## SOURCE MATERIAL
- Opening Delimiter -
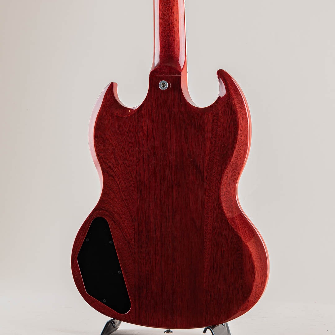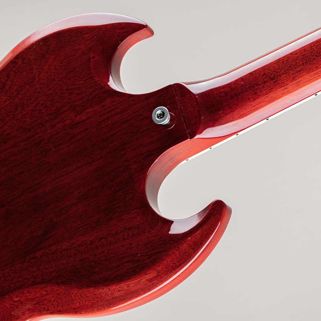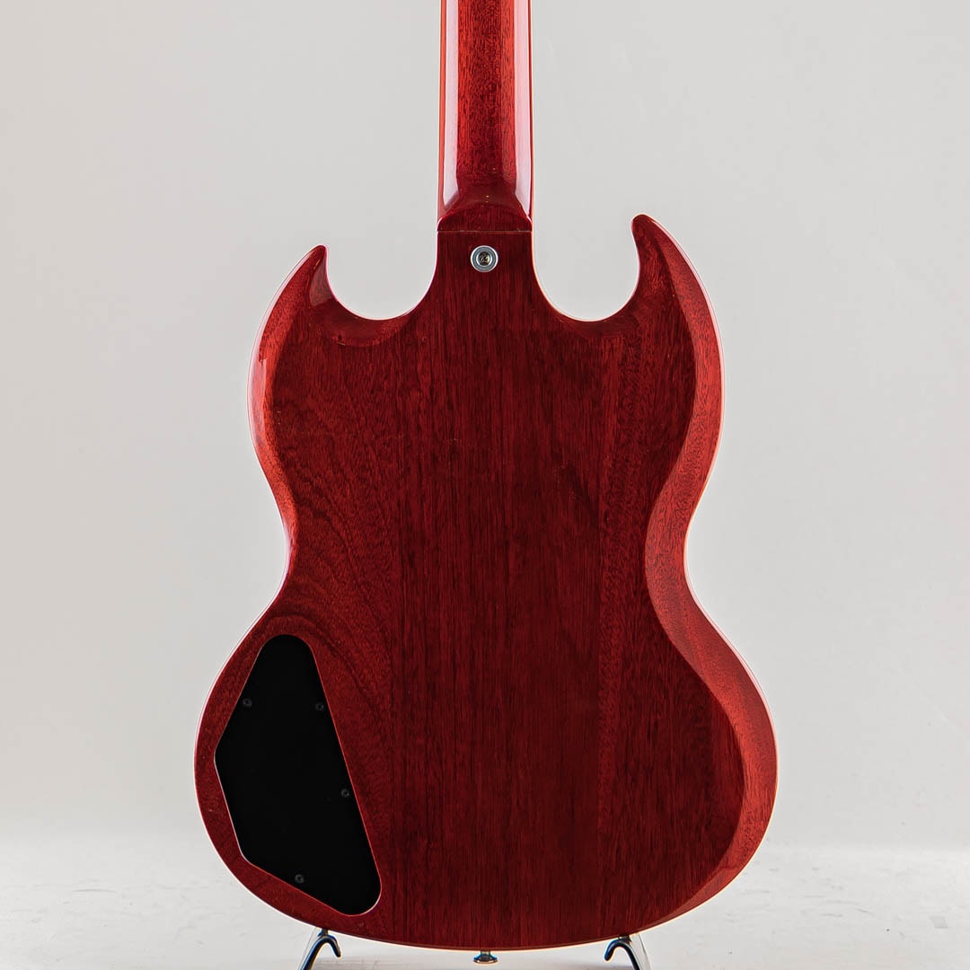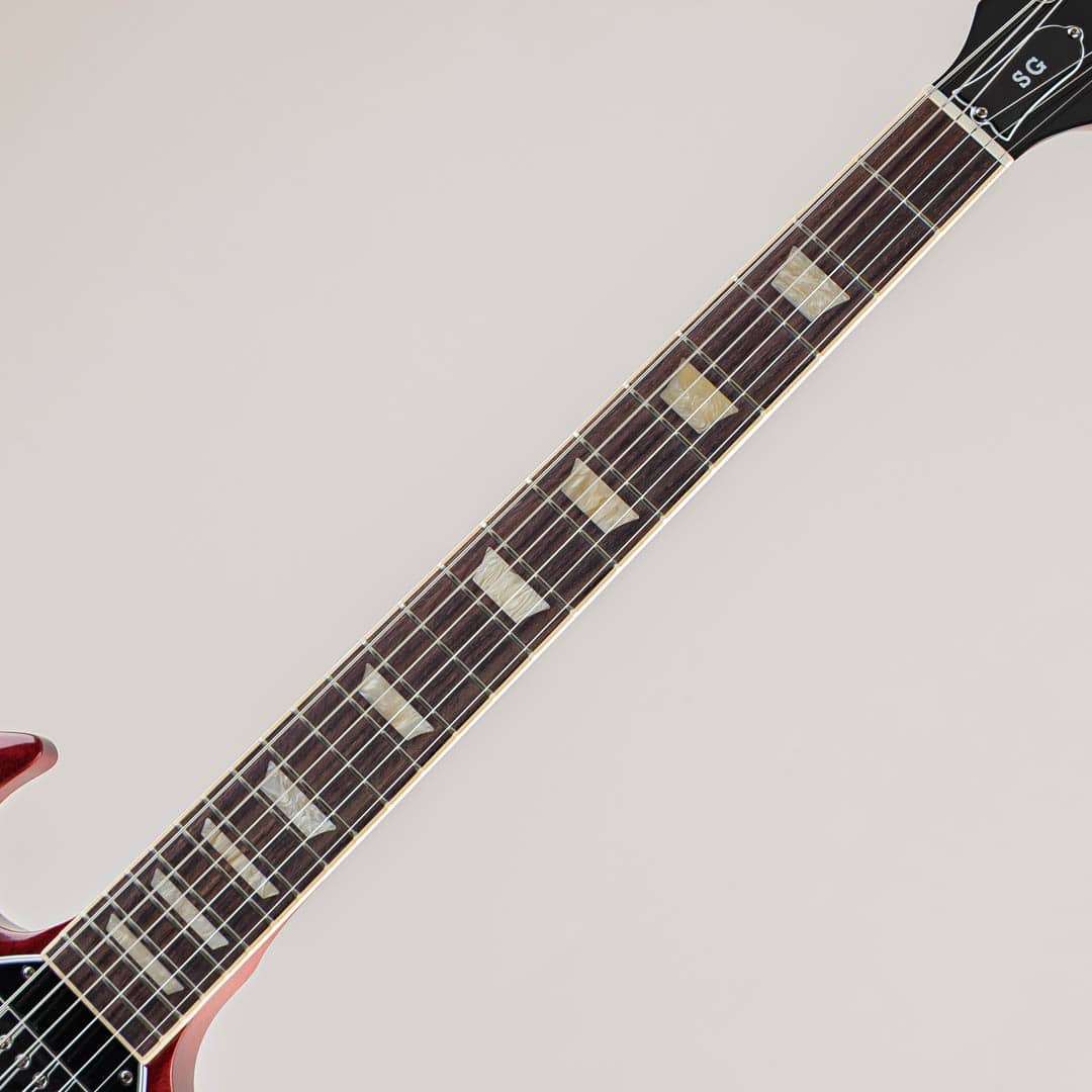 レスポールの後継モデルとして誕生したSGですが、レスポールとは違った独特のサウンドとルックスは数多くのギタリストに愛され続けております。ウッドマテリアルはマホガニーボディ&ネック、ローズウッド指板にて構成。若干の肉厚さを感じさせるネックシェイプではございますが、ロールエッジ処理が施されたバインディグ面やハイフレットのアクセスがしやすいカッタウェイ構造により、快適な弾き心地が実現。ピックアップには490R&490Tを搭載。SGらしい軽やかでありながらもパンチを感じられるグッドサウンドでございます。
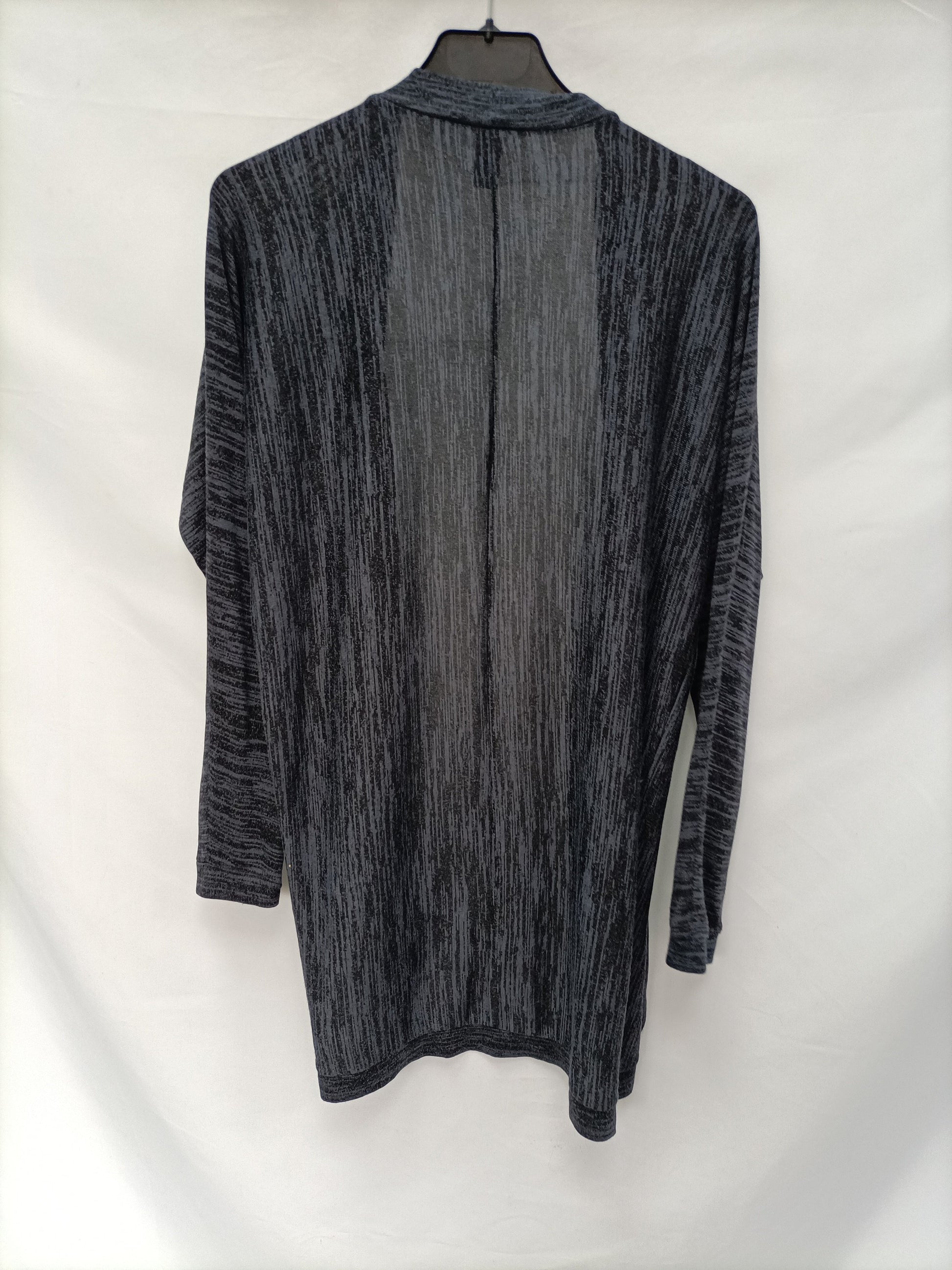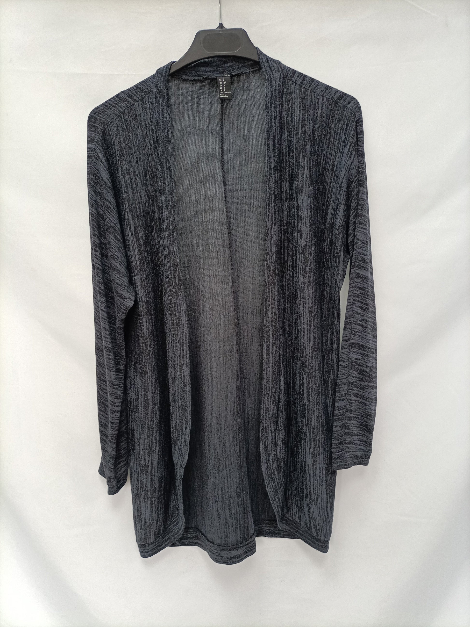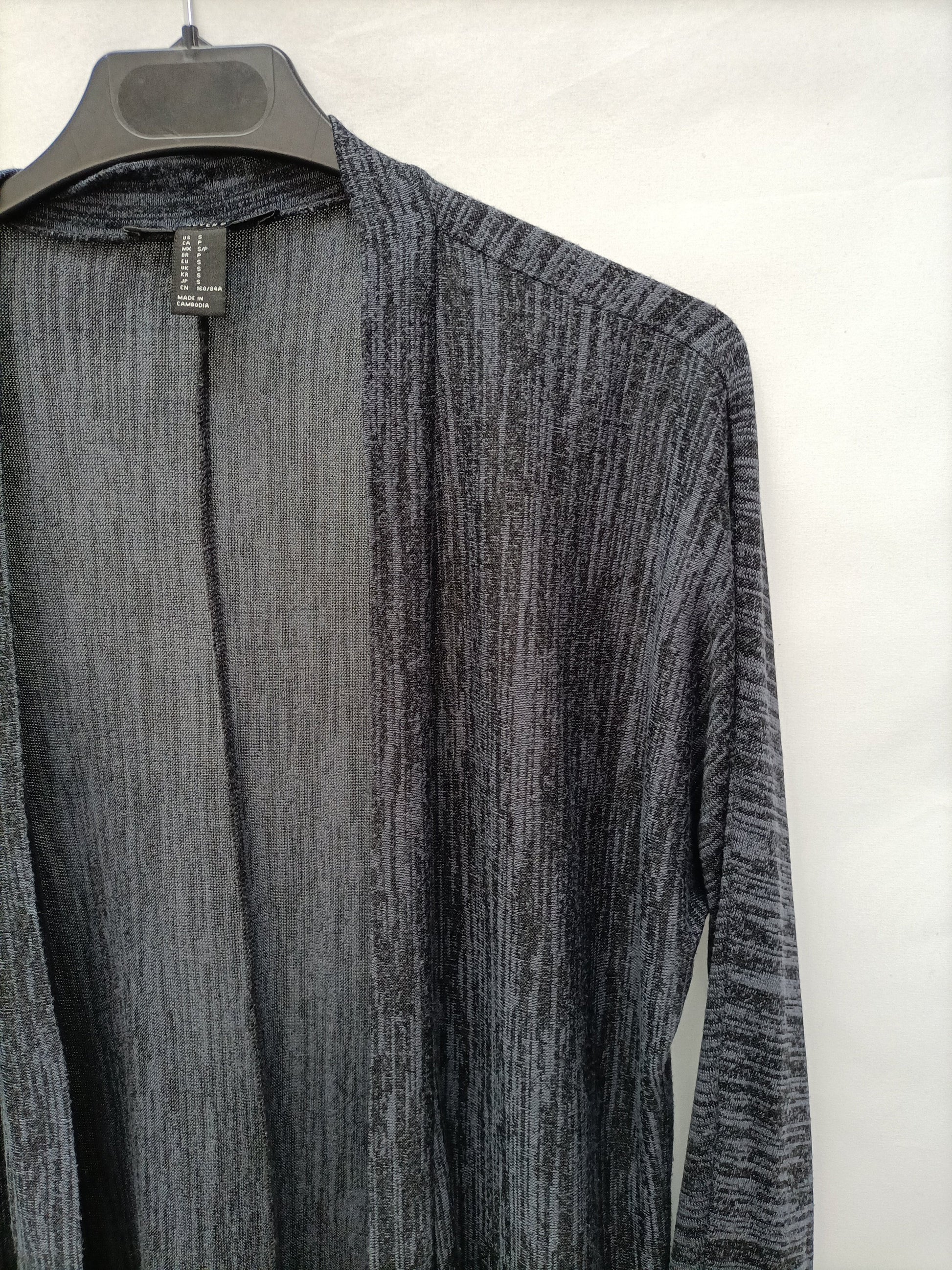 Cárdigan finito jaspeado azul y negro. No se abrocha y es elástico. Largo 83 cm.
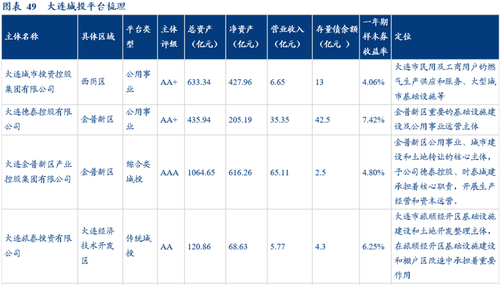 (五)大连:城投平台少,存量债余额不足百亿,收益率五市最高
- Closing Delimiter -
## WORK TASK
Your answer must be an exact copy of the listing, with every picture omitted.

## ANSWER BOX
 レスポールの後継モデルとして誕生したSGですが、レスポールとは違った独特のサウンドとルックスは数多くのギタリストに愛され続けております。ウッドマテリアルはマホガニーボディ&ネック、ローズウッド指板にて構成。若干の肉厚さを感じさせるネックシェイプではございますが、ロールエッジ処理が施されたバインディグ面やハイフレットのアクセスがしやすいカッタウェイ構造により、快適な弾き心地が実現。ピックアップには490R&490Tを搭載。SGらしい軽やかでありながらもパンチを感じられるグッドサウンドでございます。
 Cárdigan finito jaspeado azul y negro. No se abrocha y es elástico. Largo 83 cm.
 (五)大连:城投平台少,存量债余额不足百亿,收益率五市最高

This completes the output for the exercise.